Sebelumnya, di tahun 400 SM sampai 300 an sebelum mashi, Roma berhasil memperluas kekuasaannya ke seluruh Italia. Roma berhasil membangun persekutuan dan kekuatan yang hebat, tapi sekaligus kejam. 

Sampai bertahun – tahun kemudian, kekuatan Roma terus berkembang dan bertambah kuat. Daerah kekuasaannya pun semakin banyak. Bahkan di tahun 264 SM, Roma berhasil menandingin Carthagia, sebuah kota yang berada di wilayah Afrika Utara. Carthagia adalah sebuah wilayah kuat yang mendominiasi Mediterania bagian Barat.

Baca juga: Revolusi China Masa Mao Zedong

Perang demi perang dilancarkan oleh Roma untuk memperkuat bala tentara dan memberbesar kekuasaannya. Sementara itu, Carthagia masih berada di bawah kekuatan Roma. Sampai di tahun 164 SM, Roma malah menghancurkan seluruh Carthagia setelah berhasil menyelesaikan Perang Punic.

Kemenangan demi kemenangan didapatkan Roma hingga Republik ini seolah semakin akrab dengan kekuatan dan kekuasan. Di tahun 130 SM, Roma pun sudah mampu membangun kekaisaran kuat yang terbentang mulai dari Spanyol hingga Turki dan sepanjang pantai Afrika Utara.


Kondisi Kemajuan Kota Roma

Kala itu, kekuatan dan kebesaran Roma hampir tak tertandingi. Kota – kota yang dimiliki Roma adalah kota terbesar dan merupakan yang paling canggih yang pernah dikenal dunia.
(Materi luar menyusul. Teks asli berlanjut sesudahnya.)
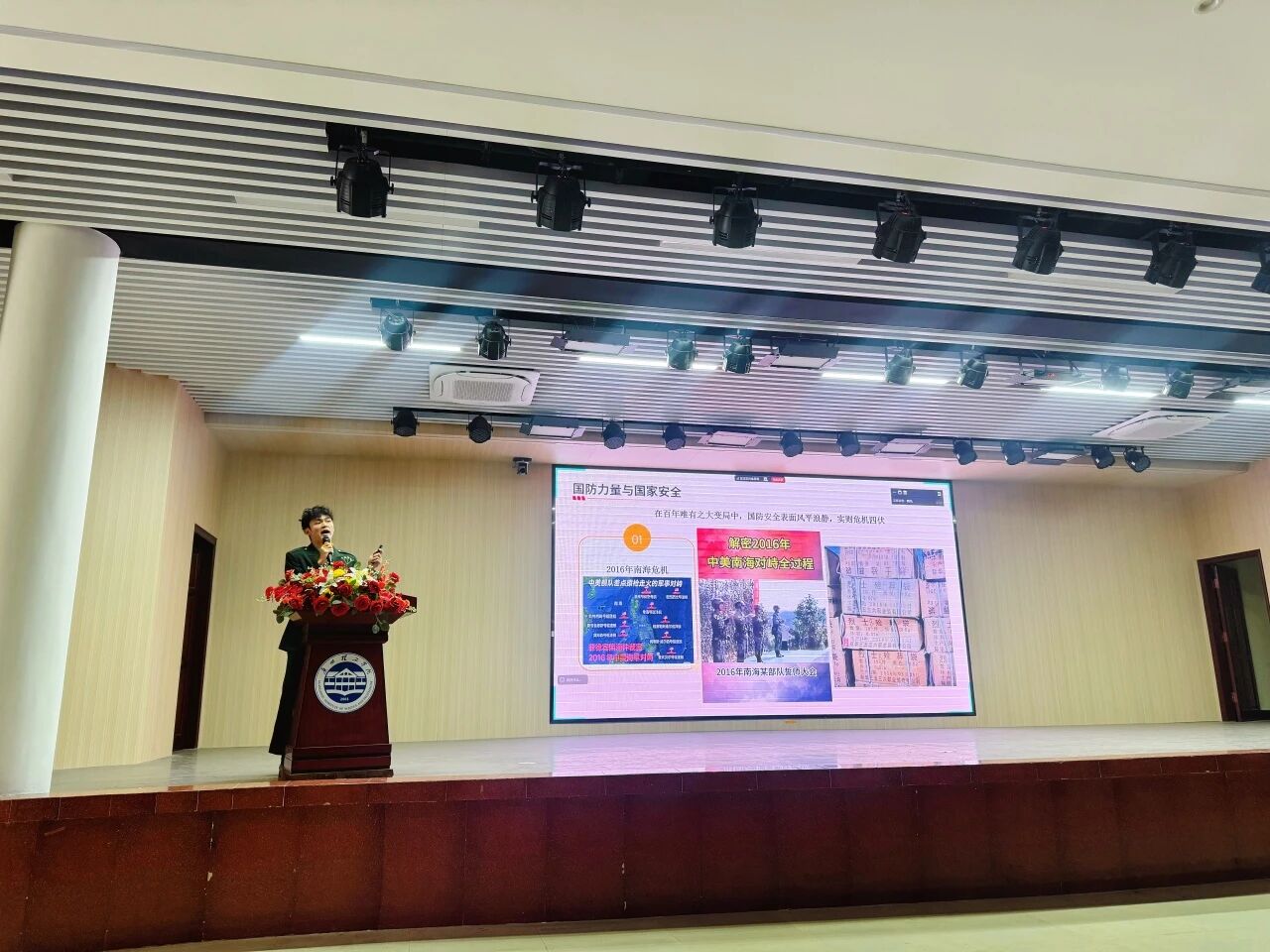 张耀辉从国防科技、全民国防意识、国防力量与国家安全的紧密关系入手,强调了国防建设在推动科技进步、经济发展和社会稳定中的重要作用。他结合南海危机、中印加勒万河谷冲突等现实案例,指出“表面风平浪静,实则危机四伏”,呼吁青年学子树立国防观念,积极投身国防事业。他还提到,现代战争对高精尖武器研发、军事指挥、外交、教育、医疗等多领域人才需求迫切,尤其欢迎大学生加入军队,成为强军事业的中坚力量。
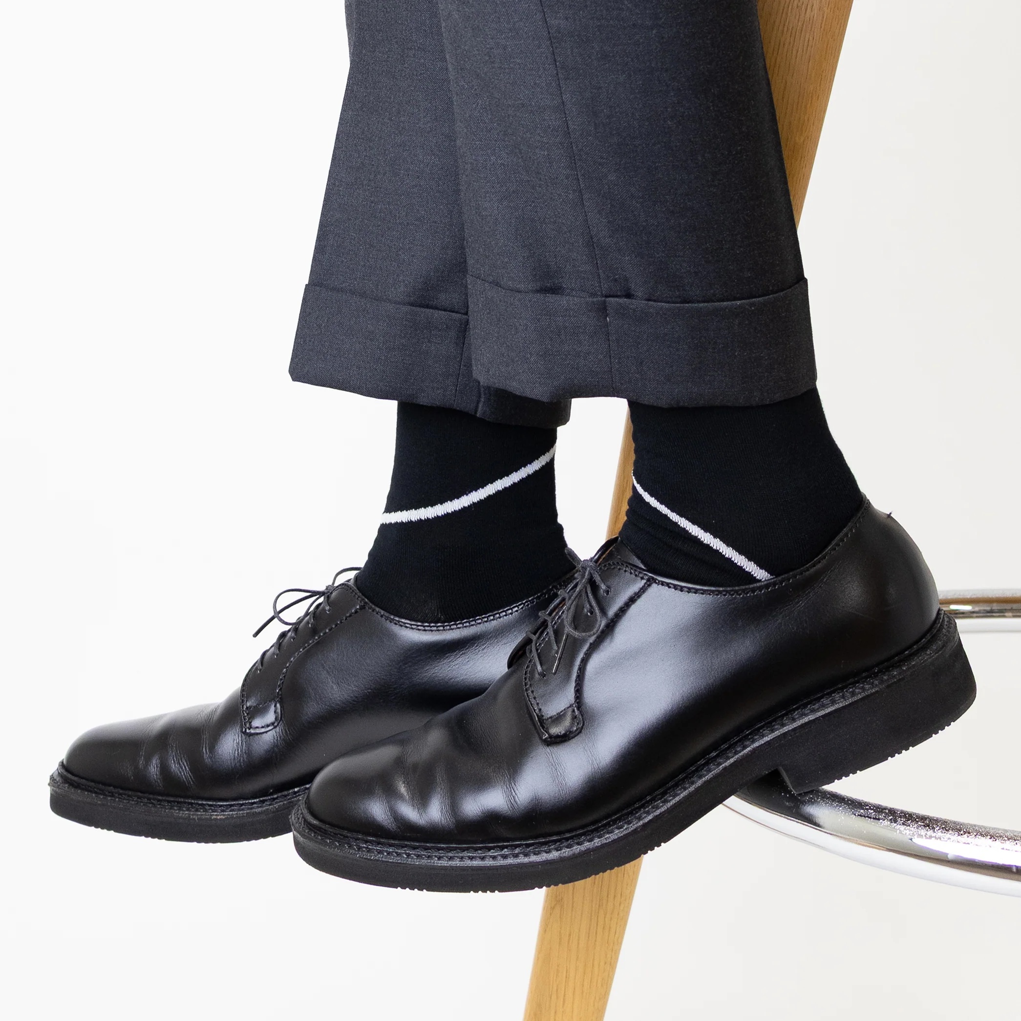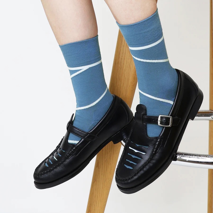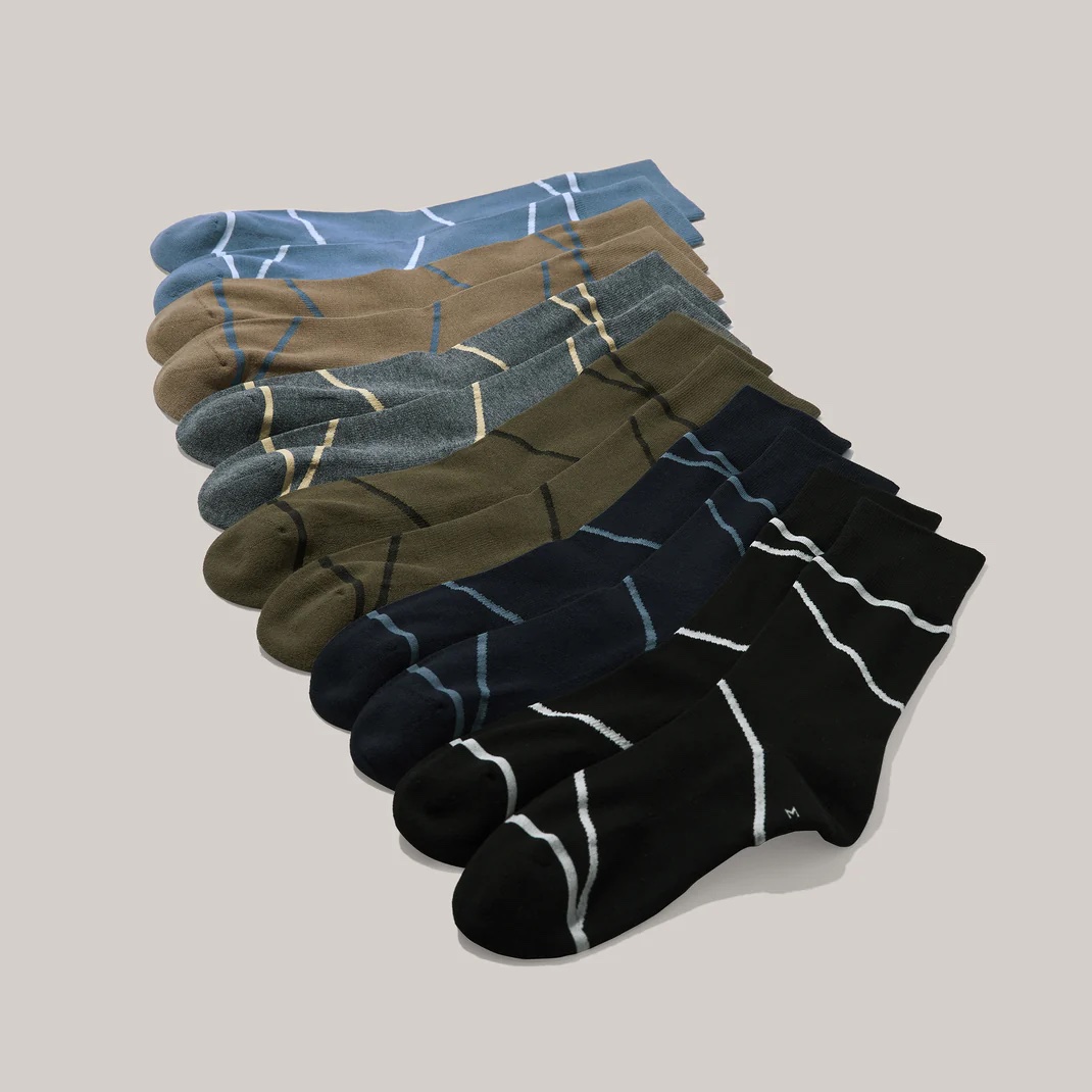皆川明さんとのコラボレーションデザイン、定番シリーズ「LINE」と通じるデザインをテーマに「WIND」というフレーズを皆川さんから提案していただきました。そして皆川さんのスケッチや言葉から「WIND」のイメージを更に広げていきました。着用した時に螺旋が美しく見えるバランスを模索し、始まりから終わりの位置、間隔や角度にいたるまで皆川さんと何度もディスカッションを重ね完成しました。靴下の左右でデザインを反転させており、履き方や角度によって異なる表情を見せます。「LINEから派生したWINDは軽やかに足を舞う風のようなイメージ」と皆川さん。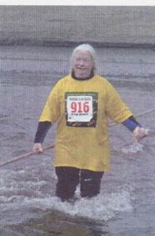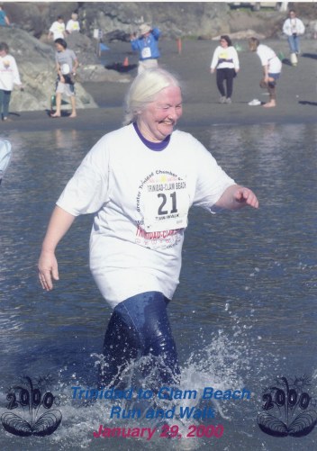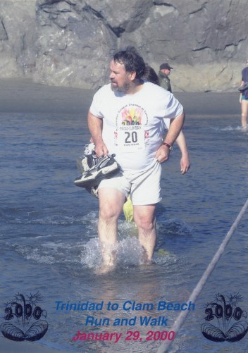 | This the 2001 Trinidad to Clam Beach Run/Walk, again at the river crossing. This time Ron did not take off his shoes for the river crossing and beat Melanie to the finish by over 5 minutes. |

Setiap kotanya dipadati oleh berbagai aktivitas bisnis.

Ada banyak toko, penginapan (tabernae), kafe (thermopilia), rumah mandi (thermae), dan toko roti (pistrina) yang ditemuakn di sebagian besar kota – kota ini. Ada forum yang merupakan pasar terbuka berukuran besar, pengadilan, balai kota, kuil, tempat pertunjukan terbuka yang luas, juga arena permainan atau stadion yang megah tempat para prajurit yang disebut gladiator bertarung dan berlomba.

Kota – kota di Roma juga memiliki persediaan air dan sistem pembuangan yang bagus. Pembangunan kotanya tidak dibuat di atas garis yang kaku seperti kota – kota Bangsa Yunani. Roma memiliki dua jalan utama dan banyak jalan kecil dengan jarak yang disebut insulae.

Kekuatan dan kekuasaan Roma ini semakin mencapai puncaknya antara tahun 96 – 180 Masehi. Saat itu, Roma dipimpin oleh para penguasa Antonines, Nerva, Trajan, Hadrian, serta Marcus Aurelius.